Mauro Vecchio

USA, la Rete per amica

Uno studio statunitense non è d'accordo con chi prospetta un futuro da eremiti della tecnologia. Internet e il mobile rinforzano i mondi sociali reali, infittendo le reti relazionali offline degli individui connessi

Roma - Una tesi che offuscherebbe l'apocalittica visione di un individuo triste e solo, risucchiato da una spersonalizzante tecnologia: la mancanza di veri amici non sarebbe affatto una conseguenza diretta dell'utilizzo di Internet. Questo il punto di vista di alcuni ricercatori della University of Pennsylvania che hanno concretizzato i propri studi in un'indagine dal titolo Isolamento sociale e nuove tecnologie.

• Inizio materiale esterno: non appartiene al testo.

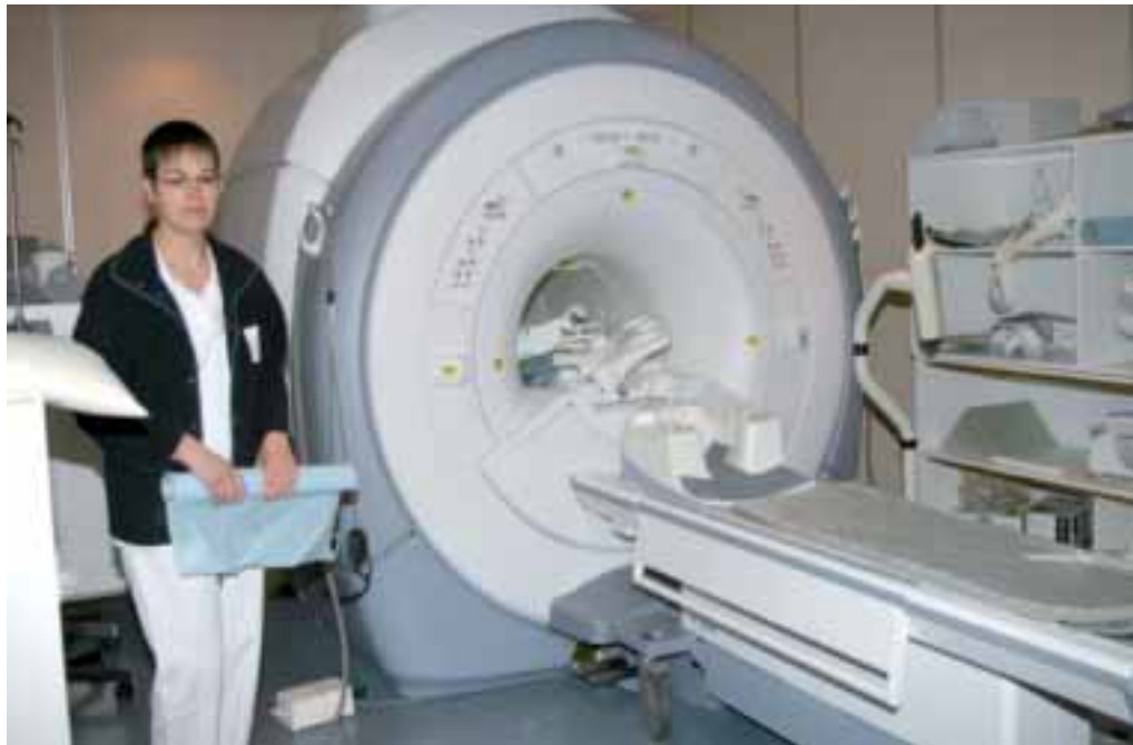
Baignant dans son champ magnétique, « le nouvel IRM travaille plus vite et avec une meilleure résolution ».

« Les besoins en IRM sont très importants. » Conséquence : un délai d'attente que le responsable qualifie « d'élevé, mais de l'ordre de la moyenne nationale ». Le souci reste de « diminuer au mieux les temps d'attente » pour les patients. Et ce d'autant que ce nouvel IRM, comme son prédécesseur, est à la disposition, dans le cadre de la coopération interhospitalière, du public comme du privé, pour les patients de Brive, Tulle et Ussel. « L'objectif serait d'installer un IRM entre Tulle et
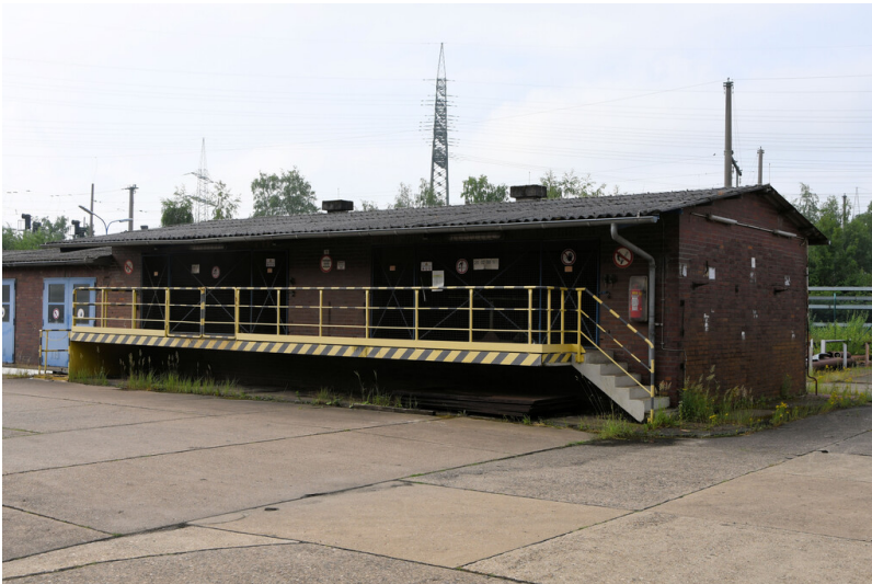
Kraftwerk Frimmersdorf II: Freilager, westlicher Gebädetrakt mit Verladerrampe, Ansicht von Norden
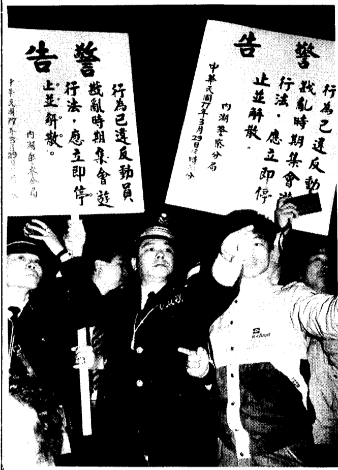
警方在現場採取了強硬措施，但群眾仍不罷休。
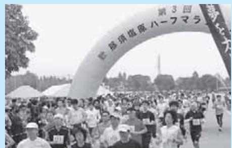
那須塩原ハーフマラソンを開催します
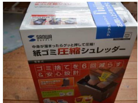
▲ イオンさんより支援の贈呈を頂く

当日、カードをいただき、さっそく、マウス、事務室スタンド、シュレッダーなどの事務用品と消耗品を買わせていただきました。毎年、ご支援ありがとうございます。
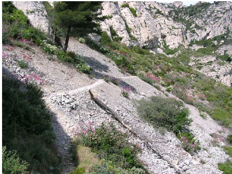
Éboulis calcaire dans les calanques, habitat de la Sabline de Provence
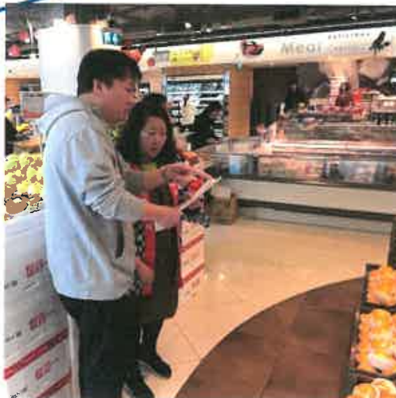
【弊社社員による販売員への説明】
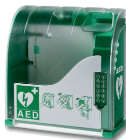
Box pro AED plastový, alarm, pin zámek, interiér / exteriér
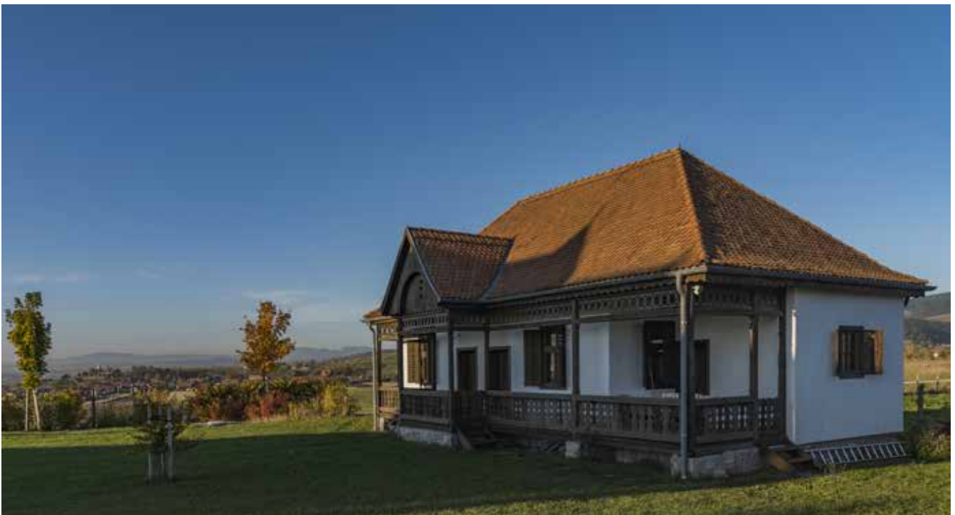
▲ Népi ház költöztetés, felújítás, Csíkcsootfalva, tervezés éve: 2017. Építész munkatárs: Radev Gergő, András Szilárd

Egy egységes és hagyományos faluképre, utcaképre egyébként a legveszélyesebb dolog az idegen formák, anyagok, színek, arányok térhódítása, mindez oly módon, hogy a rend és harmónia helyett egyfajta diszharmónia vagy káosz termelődik. En-
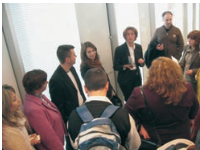
Visite à l'office Maas Delta (Rotterdam) – Visit to Maas Delta (Rotterdam)

Cette visite a indéniablement connu un grand succès. L'ensemble des participants se sont déclarés satisfaits. Il semble acquis que la coopération étroite entre l'UIHJ, la Chambre nationale néerlandaise et la Chambre bulgare va se poursuivre à l'avenir.
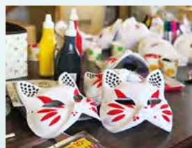
姫島の盆踊りをモチーフにしたお面の絵付け体験をいつでもお気軽に体験することができます。完成品はお土産に！

大分県東国東郡姫島村 2069 ☎0978-87-2022 / 080-6452-0263 営業時間：9:00～17:30 定休日：不定休(基本火曜日) 駐車場：なし 座席数：21席
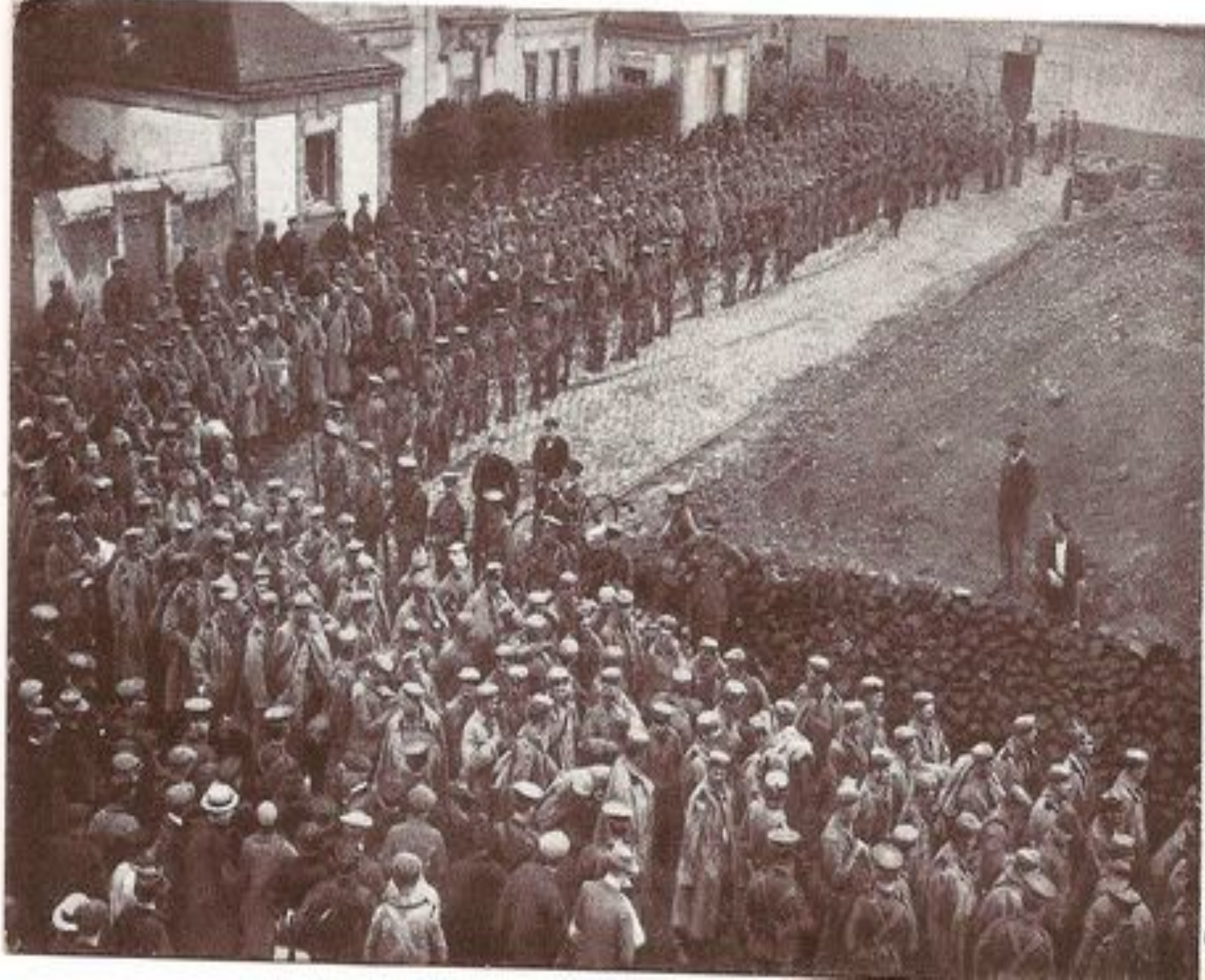
Prisonniers Allemands capturés par les Anglais. German prisoners captured by the English.
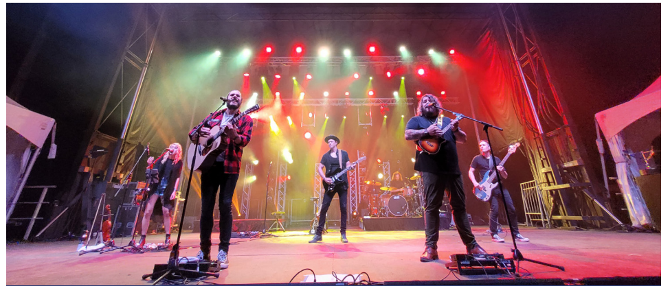
Les 2 Frères ont pu entendre la foule chanter avec eux, plusieurs de leurs compositions.
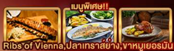
เมนูพิเศษ!! Ribs of Vienna, ปลาเทราสย่าง, จาห์มูเยอร์มิน

ตะลุยพิชิตยอดเขาซูกสปิตซ์ "Top of Germany" เยือนเมืองมิวนิค จัดธุระนาเรือพลาทซ์ สิบห้าสเมืองมรดกโลก เซสท์ ครุมลอฟ เยี่ยมชมปราสาทปราก ย้อนรอยอดีตซาลซ์บูร์ก สวมปีราเบล บ้านเกิดของโมสาร์ท ปราสาทบราติสลาวา มหาวังหารเซนต์มาร์ติน สุดโรแมนติกสองเรือชมความงามแม่น้ำดานูบ จัดธุระสวีเดน พระราชวังฮอฟบวร์ก ดินแดนกับความป่าหลงใหลของ หมู่บ้านริมทะเลสาบฮัลล์สตัดท์ พระราชวังเซินบรุนน์ ปิดท้ายช้อปปิ้งจุใจ
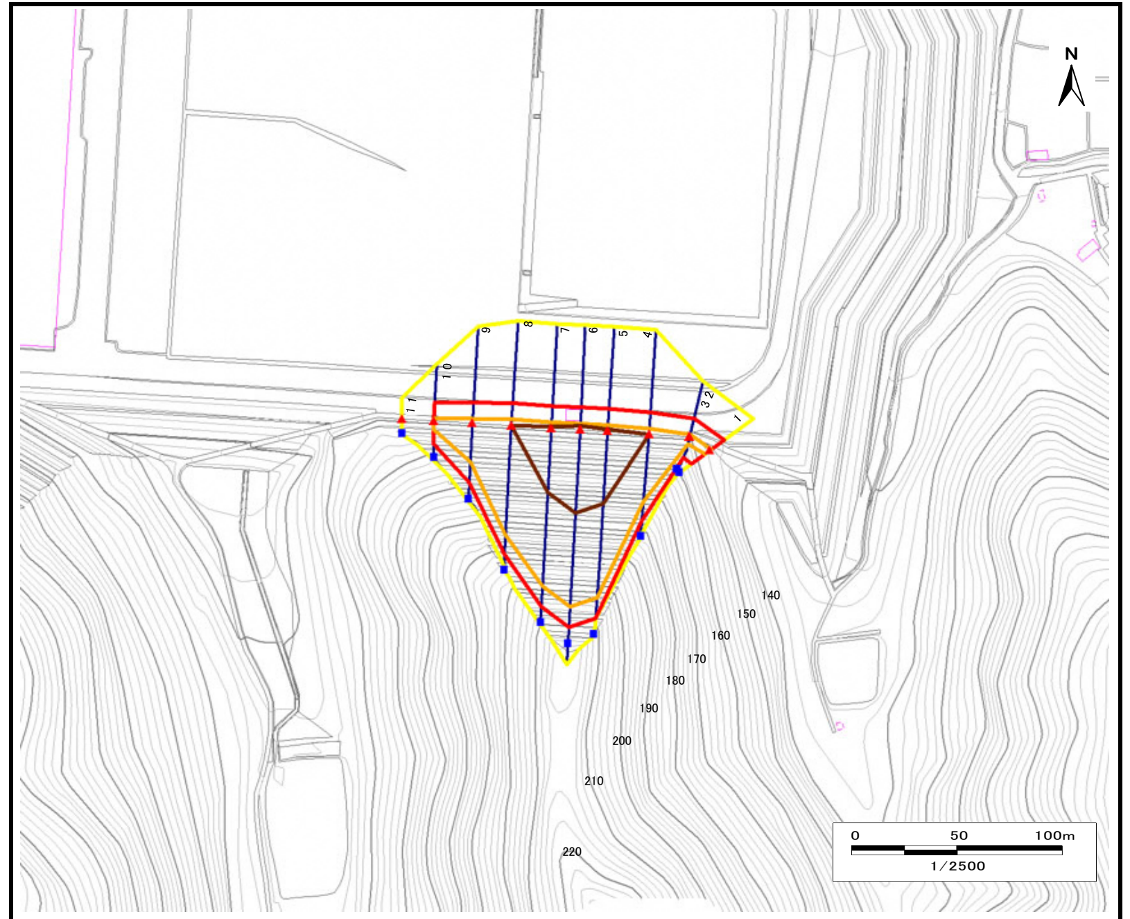
土砂災害警戒区域・土砂災害特別警戒区域 区域図
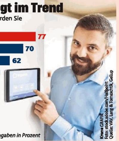
Kronen GRAPHIK Foto: stock.adobe.com/Hillpoint Quelle: VAV, Lang & Tomaschitz, Gallup
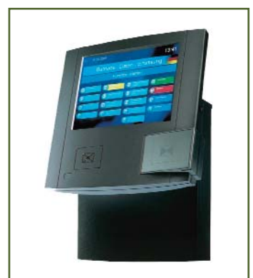
Kaba BDE-Terminal B-Net 95 80

www.adicom.com info@adicom.com Fon: +49 (0)62 01 80 80 00
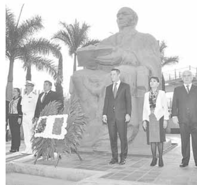
► El mandatario encabezó la guardia de honor frente a la estatua del benemérito de las Américas en Ciudad Administrativa.

Ante funcionarios y titulares de diferentes dependencias, como el Instituto Estatal de Educación para Adultos (IEEA), los Servicios de Salud de Oaxaca (SSO) y la Secretaría de Seguridad Pública de Oaxaca (SSPO), entre otros, se destacó la importancia de la lealtad a las instituciones, sobre todo con honestidad, con diálogo constante y cercano a la gente.
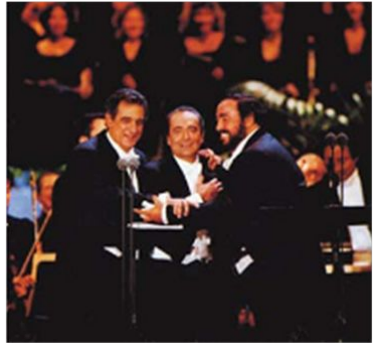
П. Доминго, Х. Каррерас, Л. Паваротти

К такого рода проектам можно отнести известные на весь мир выступления трех великих теноров («Три тенора»): итальянца Лучано Паваротти, испанцев — Пласидо Доминго и Хосе Каррераса, в исполнении которых звучала как классическая музыка, так и обработки произведений популярной современной музыки.
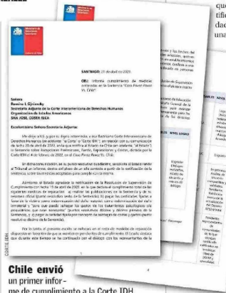
Chile envió un primer informe de cumplimiento a la Corte IDH.

Representantes de la Conferencia Episcopal presentaron un documento para explicar estos puntos, que luego respaldó, el pasado 8 de agosto, el Comité Nacional de Educación Evangélica, organización que reúne a más de 1.500 profesores a lo largo del país y que está a cargo de los programas de religión a los que adhieren las distintas corrientes evangélicas
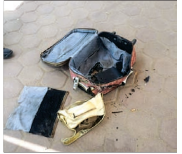
الشنطة بعد تفجيرها عن بعد
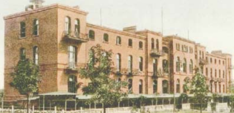
▲ Pierwotny wygląd pawilonu głównego od strony południowej
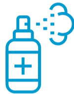
Desinfektion von Kontaktflächen
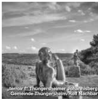
„terroir f“ Thüngersheimer Johannisberg Gemeinde Thüngersheim/Rolf Nachbar

Herrliche Weinberge, die idyllische Tauberaue und naturbelassene Wälder formen das Landschaftsbild der Stadt. Spuren von Mittelalter, Bauernkrieg, Gotik und Barock prägen Lauda-Königshofen und bieten mit Fachwerkhäusern, uralten Tauberbrücken mit Heiligenstatuen, Bildstöcken und Kirchen mit einzigartigen Kleinodien eine prächtige Kulisse. treffpunktdeutschland.de/lauda-koenigshofen

Pubblicata dal Pew Internet and American Life Project, la ricerca ha spiegato che attività online come blogging e social networking potrebbero condurre a reti sociali reali più ampie e diversificate.

Sia Internet che i dispositivi mobile, dunque, non sarebbero da collegare con l'isolamento sociale e la diminuzione di relazioni offline, confutando quelle tesi a favore di una chiusura progressiva degli individui a causa della realtà iperconnessa. "È un errore credere che l'utilizzo della Rete e dei dispositivi mobili trascini le persone in una spirale di solitudine - ha spiegato Keith Hampton, a capo del team statunitense di ricerca - anzi, è vero esattamente il contrario, che le nuove forme di comunicazione rinforzano i mondi sociali reali".

Lo studio ha coinvolto un campione rappresentativo di circa duemila adulti, contattati per via telefonica durante l'estate del 2008. I risultati recentemente pubblicati - con un margine di errore di 2,5 punti percentuali - hanno chiarito che solo il 6 per cento della popolazione degli Stati Uniti ha ammesso di non avere alcun amico offline con cui parlare di questioni importanti della vita quotidiana. I contatti faccia a faccia sono sostanzialmente ancora primari per la maggior parte degli intervistati, con una media di 210 giorni all'anno passati da ognuno all'interno della propria ristretta cerchia di amicizie analogiche.
In media, le dimensioni delle reti di relazioni mantenute offline sono risultate del 12 per cento più grandi proprio per gli utenti mobile, mentre chi usa abitualmente programmi di instant messaging le vedrebbe crescere del 9 per cento. "Le persone utilizzano la tecnologia per rimanere in contatto con gli altri e condividere informazione - ha continuato Hampton - e questo le rende socialmente molto attive oltre che maggiormente legate alle loro comunità d'appartenenza".